EXERCISE:
Leaving the pictures aside, return all of the data below exactly.

GIVEN INFORMATION:
════════════════

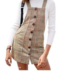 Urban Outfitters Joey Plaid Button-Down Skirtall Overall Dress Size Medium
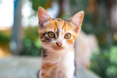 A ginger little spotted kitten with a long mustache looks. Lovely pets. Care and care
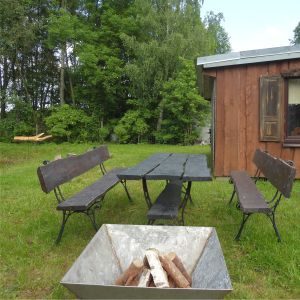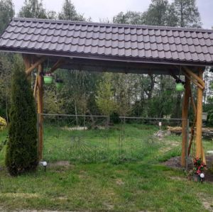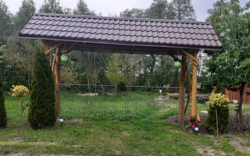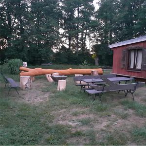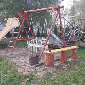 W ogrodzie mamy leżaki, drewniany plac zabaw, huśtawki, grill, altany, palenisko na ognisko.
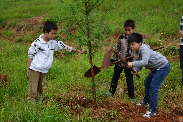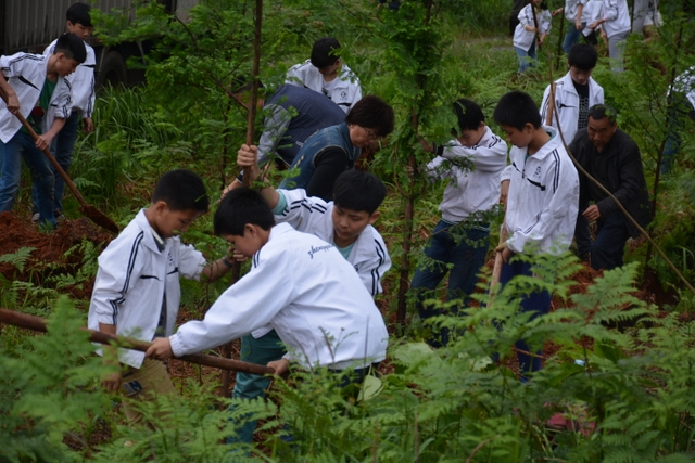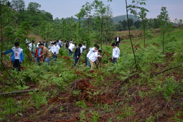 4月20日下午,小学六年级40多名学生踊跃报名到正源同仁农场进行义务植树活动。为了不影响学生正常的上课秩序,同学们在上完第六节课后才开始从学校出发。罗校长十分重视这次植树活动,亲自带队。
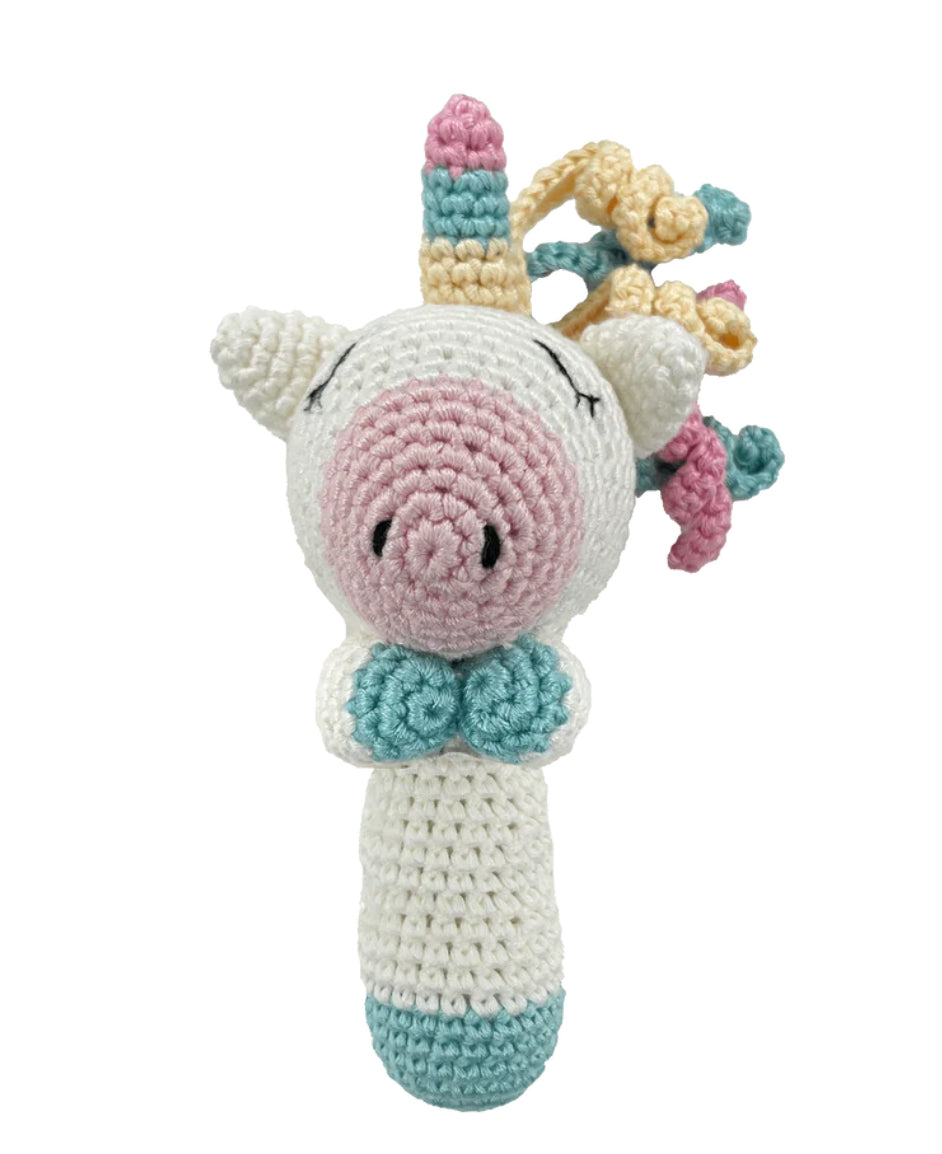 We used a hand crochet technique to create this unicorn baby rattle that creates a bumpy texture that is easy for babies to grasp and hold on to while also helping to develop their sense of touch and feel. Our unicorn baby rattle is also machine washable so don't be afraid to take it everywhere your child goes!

════════════════

ANSWER BOX:
 Urban Outfitters Joey Plaid Button-Down Skirtall Overall Dress Size Medium
 A ginger little spotted kitten with a long mustache looks. Lovely pets. Care and care
 W ogrodzie mamy leżaki, drewniany plac zabaw, huśtawki, grill, altany, palenisko na ognisko.
 4月20日下午,小学六年级40多名学生踊跃报名到正源同仁农场进行义务植树活动。为了不影响学生正常的上课秩序,同学们在上完第六节课后才开始从学校出发。罗校长十分重视这次植树活动,亲自带队。
 We used a hand crochet technique to create this unicorn baby rattle that creates a bumpy texture that is easy for babies to grasp and hold on to while also helping to develop their sense of touch and feel. Our unicorn baby rattle is also machine washable so don't be afraid to take it everywhere your child goes!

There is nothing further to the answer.